Tuesday, May 04, 2010

Oda al atiborramiento culinario

A la loca psicópata

A alguien se le ocurrió que rellenar un alimento con otro era una buena idea. En algún punto de la historia la mezcla de sabores no fue suficiente y se optó por diseccionar un ingrediente para empotrar otro en sus entresijos.

¿Por qué comer tomate con atún cuando podemos comer tomates rellenos de atún?

Siempre pensé que esta iniciativa obedecía a fines puramente estéticos, porque la mezcla de algunos ingredientes da como resultado una papilla deliciosa al paladar y asquerosa a los ojos. “Esa rica masa de atún, arvejas y mayonesa se ve asquerosa. Mejor le ponemos un tomate a manera de capuchón distractor”.

¡En fin! No sabremos a quién se le ocurrió rellenarnos con comida rellena, pero agradecemos en silencio que la idea evolucionara hasta ámbitos tan cotidianos como la papa y la arepa. Amo las arepas rellenas. A las afueras de algunas estaciones de Transmilenio las venden con mantequilla, queso, pollo y salmonela.

Ese movimiento culinario de abarrotamiento de ingredientes nos llevó a la máxima expresión de la comida de momentito: las empanadas, “bocadillos” rellenos que no necesitan aclaración de contenido, porque, precisamente, siempre tienen relleno.

- Una empanada, por favor.
- ¿La quiere rellena?
- No, sólo la cáscara. Gracias.

Y llegamos a la madre de las rellenas. Rellena por antonomasia, a secas, sin apellido. Embutido de sangre de cerdo, arroz y arvejas, con una película exterior de intestino porcino. De sabor delicioso y preparación traumática. Si quieren que alguien deje de comer y tenga pesadillas por varios días, invítenlo a una sesión de preparación de morcilla.

Pero este homenaje a la comida rellena no podría estar completo sin la oveja negra en un amplio rebaño de placeres engordadores. Saliendo del horno, calientita, exudando aceite por uno de sus costados, impregnando la panadería con una pestilencia a porqueriza y con una que otra pelusa de cerdo escondida en sus entrañas, viene la mogolla chicharrona.
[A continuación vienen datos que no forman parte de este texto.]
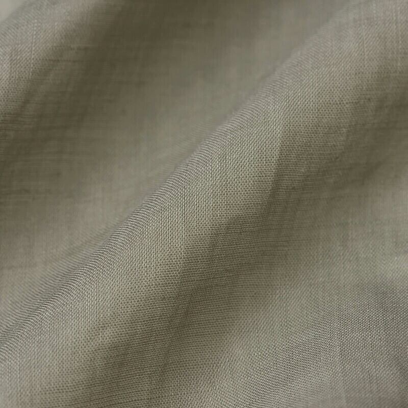長袖タイプの、ロングシャツデザインのお食事エプロンです。シックなカラーリングとモダンな印象のドロップショルダーに、やわらかくもシャリ感のある麻ならではの着心地も魅力。生地全体に撥水加工を施し、ひざが隠れるデザインで汚れを気にせずお食事を楽しめます。後ろ襟ぐりのスナップボタンで着脱もノンストレスです。少しグレイッシュなカラーリングは、白シャツとはまた違ったよそ行きの表情を見せてくれます。
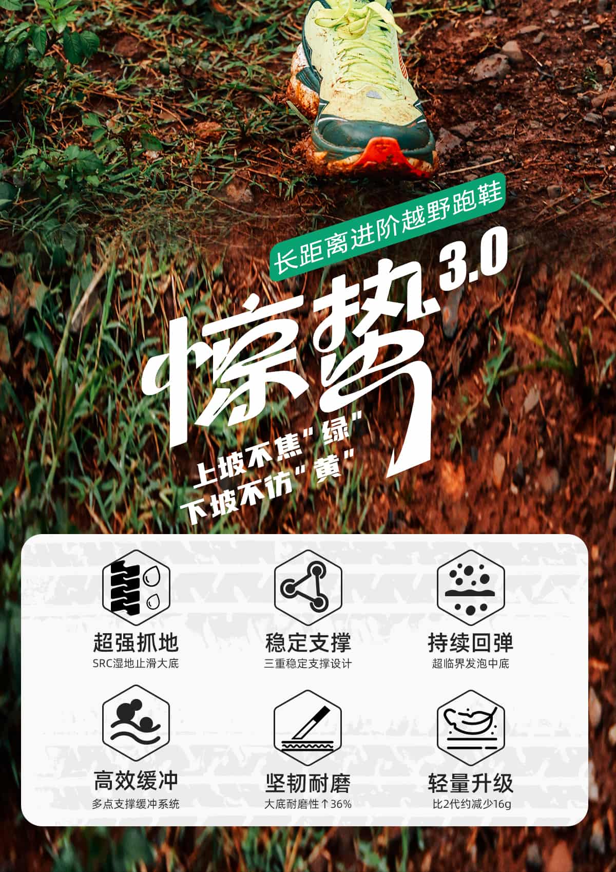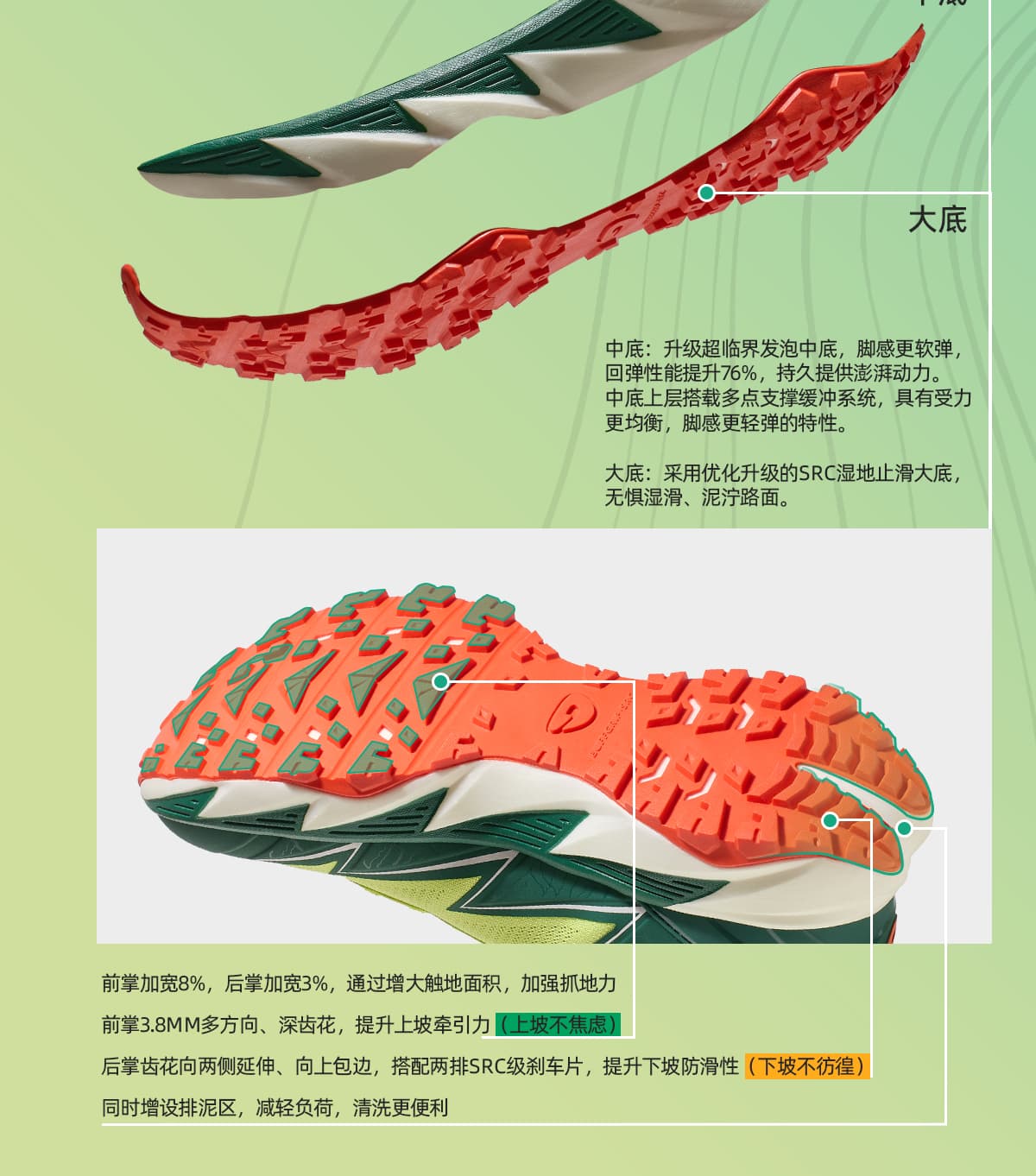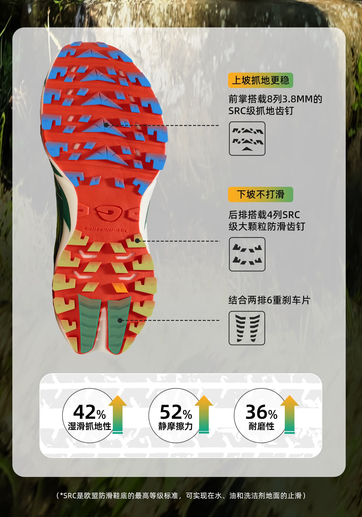 SRC 级防滑大底配 3.8mm 深齿

Loco. Loco psicópata el panadero que abrió una mogolla y la rellenó con trocitos de chicharrón.

5 comments:

Lyda said...

Muy cierto!!! y muchas de esas cosas rellenas son realmente asquerosas a la vista... como nos podemos comer todo eso?? jajaja

Marce said...

Me dio como hambre y ganas de comer cosas muy grasosas jaajjaja

Pilar said...

iiuu...

Gustavo said...

Si, se le olvido la lechona, la reina de las comidas rellenas, y no hay nada mas desagradable visualmente que una lechona, pero bueno en carulla la tienen a la entrada, como dandole la bienvenida a todos los que llegan, jeje.

Luz María Uribe Escobar said...

Uy Juan. yo vi preparar una morcilla cuando tenía 14 años, y volví a comer cerdo hace como dos años apenas... ¡NI HAGAS CUENTAS DE CUÁNTO TIEMPO TRANSCURRIÓ!